> [What you should do]:
In the entries that follow, how many lines contain "chǎng"? Answer with the number only.
Given data: Begin
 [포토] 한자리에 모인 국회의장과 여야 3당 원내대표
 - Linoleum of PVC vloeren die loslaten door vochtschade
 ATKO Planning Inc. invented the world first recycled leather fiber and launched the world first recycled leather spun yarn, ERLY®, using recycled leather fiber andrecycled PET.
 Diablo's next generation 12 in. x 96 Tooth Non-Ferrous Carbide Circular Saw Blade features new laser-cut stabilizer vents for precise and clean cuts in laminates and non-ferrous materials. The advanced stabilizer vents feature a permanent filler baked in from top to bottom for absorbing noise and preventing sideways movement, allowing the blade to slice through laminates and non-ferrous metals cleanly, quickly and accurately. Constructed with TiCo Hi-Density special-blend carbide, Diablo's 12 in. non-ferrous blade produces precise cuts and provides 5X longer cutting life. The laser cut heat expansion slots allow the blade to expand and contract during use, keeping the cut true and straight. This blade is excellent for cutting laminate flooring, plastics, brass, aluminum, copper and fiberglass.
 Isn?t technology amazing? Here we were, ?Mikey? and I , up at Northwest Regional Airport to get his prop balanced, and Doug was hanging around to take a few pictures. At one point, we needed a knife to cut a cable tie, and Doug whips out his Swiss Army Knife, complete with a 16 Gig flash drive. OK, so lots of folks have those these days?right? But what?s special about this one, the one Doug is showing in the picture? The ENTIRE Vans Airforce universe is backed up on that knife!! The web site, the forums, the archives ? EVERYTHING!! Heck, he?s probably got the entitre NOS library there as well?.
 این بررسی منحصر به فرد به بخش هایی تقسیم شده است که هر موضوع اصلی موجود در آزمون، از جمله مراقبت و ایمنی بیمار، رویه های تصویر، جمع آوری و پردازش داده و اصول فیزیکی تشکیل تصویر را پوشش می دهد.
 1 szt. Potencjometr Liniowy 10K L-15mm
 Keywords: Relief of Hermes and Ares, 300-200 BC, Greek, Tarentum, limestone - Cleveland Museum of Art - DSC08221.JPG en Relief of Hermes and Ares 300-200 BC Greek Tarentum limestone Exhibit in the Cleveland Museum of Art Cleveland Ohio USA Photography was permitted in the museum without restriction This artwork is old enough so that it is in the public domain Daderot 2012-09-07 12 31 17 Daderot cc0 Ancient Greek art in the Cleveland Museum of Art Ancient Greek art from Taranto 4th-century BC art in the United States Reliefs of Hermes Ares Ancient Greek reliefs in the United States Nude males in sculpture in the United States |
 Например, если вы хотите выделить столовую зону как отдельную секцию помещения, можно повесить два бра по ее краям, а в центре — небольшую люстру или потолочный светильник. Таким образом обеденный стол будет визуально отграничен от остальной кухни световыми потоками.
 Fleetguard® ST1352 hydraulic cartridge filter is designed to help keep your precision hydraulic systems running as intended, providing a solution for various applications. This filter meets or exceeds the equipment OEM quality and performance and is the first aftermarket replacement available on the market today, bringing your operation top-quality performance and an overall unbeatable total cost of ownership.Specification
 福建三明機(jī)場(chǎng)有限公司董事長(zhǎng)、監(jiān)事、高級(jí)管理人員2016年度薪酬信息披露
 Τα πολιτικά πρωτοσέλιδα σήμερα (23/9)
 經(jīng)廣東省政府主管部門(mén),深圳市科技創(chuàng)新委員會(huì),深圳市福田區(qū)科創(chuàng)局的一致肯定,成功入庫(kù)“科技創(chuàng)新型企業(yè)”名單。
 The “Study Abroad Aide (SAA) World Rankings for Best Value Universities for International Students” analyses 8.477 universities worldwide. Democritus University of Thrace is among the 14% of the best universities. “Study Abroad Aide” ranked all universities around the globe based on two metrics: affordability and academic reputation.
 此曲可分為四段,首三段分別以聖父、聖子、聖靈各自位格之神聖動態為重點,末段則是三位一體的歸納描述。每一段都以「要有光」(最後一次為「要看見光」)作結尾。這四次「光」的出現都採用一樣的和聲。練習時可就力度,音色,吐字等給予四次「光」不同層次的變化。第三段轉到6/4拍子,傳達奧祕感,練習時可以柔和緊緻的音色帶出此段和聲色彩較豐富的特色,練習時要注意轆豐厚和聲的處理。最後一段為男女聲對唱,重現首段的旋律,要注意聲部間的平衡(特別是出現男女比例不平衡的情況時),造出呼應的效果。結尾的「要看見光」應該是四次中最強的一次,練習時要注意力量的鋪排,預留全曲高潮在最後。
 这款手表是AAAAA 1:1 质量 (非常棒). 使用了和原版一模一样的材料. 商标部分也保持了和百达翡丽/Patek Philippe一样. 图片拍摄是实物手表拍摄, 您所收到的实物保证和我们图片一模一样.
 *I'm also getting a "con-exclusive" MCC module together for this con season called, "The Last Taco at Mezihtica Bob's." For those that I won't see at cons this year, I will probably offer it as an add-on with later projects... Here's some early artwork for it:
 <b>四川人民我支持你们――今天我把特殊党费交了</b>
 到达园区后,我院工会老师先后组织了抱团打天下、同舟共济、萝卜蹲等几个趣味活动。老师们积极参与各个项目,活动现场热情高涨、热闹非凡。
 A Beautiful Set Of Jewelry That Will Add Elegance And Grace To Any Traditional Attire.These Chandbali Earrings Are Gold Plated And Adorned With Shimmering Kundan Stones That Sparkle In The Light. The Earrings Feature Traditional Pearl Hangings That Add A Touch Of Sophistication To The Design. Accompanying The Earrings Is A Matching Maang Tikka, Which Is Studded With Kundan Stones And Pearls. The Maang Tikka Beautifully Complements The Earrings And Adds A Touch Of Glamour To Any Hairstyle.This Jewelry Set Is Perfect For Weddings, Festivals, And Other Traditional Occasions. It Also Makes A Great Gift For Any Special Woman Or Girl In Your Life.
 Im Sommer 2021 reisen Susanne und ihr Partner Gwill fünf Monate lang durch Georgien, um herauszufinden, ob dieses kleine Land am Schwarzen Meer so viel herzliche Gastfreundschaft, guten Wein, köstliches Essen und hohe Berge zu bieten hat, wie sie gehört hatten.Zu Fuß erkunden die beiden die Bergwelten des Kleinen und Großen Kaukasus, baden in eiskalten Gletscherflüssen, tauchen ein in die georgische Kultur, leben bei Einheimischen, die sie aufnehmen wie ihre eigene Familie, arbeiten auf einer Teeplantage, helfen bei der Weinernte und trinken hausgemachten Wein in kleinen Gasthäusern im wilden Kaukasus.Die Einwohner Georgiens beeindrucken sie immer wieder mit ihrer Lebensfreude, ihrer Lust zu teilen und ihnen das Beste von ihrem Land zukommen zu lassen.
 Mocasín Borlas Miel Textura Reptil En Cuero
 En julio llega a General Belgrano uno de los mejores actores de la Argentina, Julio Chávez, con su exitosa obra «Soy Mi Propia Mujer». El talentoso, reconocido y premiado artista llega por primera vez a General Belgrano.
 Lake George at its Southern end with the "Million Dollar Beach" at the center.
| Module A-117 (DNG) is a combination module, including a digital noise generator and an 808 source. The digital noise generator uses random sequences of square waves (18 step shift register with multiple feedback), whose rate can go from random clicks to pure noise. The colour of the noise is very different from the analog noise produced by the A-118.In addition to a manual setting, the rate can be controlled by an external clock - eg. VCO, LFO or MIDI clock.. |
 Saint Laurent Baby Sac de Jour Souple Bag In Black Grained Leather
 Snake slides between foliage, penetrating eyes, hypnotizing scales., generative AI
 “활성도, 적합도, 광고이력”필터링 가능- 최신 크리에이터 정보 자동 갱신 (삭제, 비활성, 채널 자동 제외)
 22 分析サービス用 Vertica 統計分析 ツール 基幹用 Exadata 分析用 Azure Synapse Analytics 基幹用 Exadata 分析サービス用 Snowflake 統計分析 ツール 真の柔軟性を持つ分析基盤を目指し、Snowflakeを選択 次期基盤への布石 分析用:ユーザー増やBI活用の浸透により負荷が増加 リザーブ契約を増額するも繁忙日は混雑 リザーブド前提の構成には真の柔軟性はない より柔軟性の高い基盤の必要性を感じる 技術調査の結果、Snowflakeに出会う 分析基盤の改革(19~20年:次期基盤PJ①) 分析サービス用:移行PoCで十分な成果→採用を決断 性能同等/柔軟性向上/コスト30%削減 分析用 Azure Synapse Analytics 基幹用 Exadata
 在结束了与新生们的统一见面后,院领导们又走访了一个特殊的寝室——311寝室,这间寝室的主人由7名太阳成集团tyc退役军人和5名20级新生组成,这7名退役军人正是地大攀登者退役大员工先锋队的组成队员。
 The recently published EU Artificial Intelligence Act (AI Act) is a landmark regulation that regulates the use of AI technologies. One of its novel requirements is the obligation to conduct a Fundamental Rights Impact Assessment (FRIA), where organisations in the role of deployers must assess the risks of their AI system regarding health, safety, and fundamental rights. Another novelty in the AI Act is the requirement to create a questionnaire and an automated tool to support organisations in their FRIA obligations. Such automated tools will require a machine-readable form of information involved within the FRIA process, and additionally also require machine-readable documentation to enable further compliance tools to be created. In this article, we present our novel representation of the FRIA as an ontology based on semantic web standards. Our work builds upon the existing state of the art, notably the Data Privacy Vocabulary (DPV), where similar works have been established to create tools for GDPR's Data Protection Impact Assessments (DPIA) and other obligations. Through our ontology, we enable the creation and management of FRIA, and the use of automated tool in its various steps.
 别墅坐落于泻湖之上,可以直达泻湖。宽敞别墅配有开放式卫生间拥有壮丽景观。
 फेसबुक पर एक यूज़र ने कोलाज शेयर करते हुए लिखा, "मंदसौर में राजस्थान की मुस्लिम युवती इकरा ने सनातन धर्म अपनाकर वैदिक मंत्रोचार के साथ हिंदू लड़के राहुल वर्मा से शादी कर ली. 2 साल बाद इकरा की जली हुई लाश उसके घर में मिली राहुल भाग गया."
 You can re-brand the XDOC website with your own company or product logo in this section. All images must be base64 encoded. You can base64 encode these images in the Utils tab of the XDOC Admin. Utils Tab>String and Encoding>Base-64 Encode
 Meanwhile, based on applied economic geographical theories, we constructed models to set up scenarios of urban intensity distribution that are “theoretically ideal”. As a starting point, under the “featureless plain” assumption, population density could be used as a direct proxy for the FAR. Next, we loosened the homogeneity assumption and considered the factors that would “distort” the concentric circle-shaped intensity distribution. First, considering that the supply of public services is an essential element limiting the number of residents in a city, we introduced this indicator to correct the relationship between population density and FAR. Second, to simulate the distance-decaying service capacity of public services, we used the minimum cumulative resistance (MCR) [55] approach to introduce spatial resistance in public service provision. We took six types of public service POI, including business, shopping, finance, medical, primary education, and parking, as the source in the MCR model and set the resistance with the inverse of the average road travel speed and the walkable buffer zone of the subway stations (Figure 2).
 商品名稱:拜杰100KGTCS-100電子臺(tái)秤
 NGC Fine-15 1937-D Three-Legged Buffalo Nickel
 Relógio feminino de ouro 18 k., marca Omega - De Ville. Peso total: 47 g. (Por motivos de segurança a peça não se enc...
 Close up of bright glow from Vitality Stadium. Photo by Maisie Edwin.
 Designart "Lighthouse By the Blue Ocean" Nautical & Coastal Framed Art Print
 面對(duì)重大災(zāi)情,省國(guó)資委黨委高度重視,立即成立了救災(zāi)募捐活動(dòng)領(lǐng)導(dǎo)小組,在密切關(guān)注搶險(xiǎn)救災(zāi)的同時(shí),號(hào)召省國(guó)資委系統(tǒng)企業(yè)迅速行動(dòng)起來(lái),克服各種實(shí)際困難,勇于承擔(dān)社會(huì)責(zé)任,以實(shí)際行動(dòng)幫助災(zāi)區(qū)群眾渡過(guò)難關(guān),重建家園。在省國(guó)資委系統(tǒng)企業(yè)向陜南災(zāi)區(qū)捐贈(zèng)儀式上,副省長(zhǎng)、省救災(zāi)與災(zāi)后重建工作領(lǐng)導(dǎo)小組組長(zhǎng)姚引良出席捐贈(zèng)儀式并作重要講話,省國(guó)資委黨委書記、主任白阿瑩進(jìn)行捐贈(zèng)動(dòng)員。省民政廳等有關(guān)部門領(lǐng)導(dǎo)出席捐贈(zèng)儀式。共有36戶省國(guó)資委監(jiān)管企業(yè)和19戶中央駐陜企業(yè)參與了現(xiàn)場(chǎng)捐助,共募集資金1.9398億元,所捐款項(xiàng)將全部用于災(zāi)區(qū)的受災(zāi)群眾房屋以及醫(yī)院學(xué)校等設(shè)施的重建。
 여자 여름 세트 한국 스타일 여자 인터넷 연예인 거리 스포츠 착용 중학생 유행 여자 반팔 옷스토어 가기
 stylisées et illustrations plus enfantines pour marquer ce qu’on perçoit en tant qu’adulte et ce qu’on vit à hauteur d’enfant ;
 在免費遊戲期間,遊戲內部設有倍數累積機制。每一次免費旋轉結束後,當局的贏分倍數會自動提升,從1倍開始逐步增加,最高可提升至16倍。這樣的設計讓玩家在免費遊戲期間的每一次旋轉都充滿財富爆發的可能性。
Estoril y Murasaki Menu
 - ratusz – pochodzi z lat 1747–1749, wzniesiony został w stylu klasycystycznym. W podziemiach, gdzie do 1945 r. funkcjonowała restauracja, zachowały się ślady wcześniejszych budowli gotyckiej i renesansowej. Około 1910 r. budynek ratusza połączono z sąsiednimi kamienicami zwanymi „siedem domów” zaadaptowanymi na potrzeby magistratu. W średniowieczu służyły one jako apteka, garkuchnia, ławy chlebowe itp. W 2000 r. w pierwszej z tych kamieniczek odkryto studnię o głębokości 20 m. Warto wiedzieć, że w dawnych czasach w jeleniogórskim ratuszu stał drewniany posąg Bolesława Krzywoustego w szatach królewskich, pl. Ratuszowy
Given data: End
> [Reply]:
2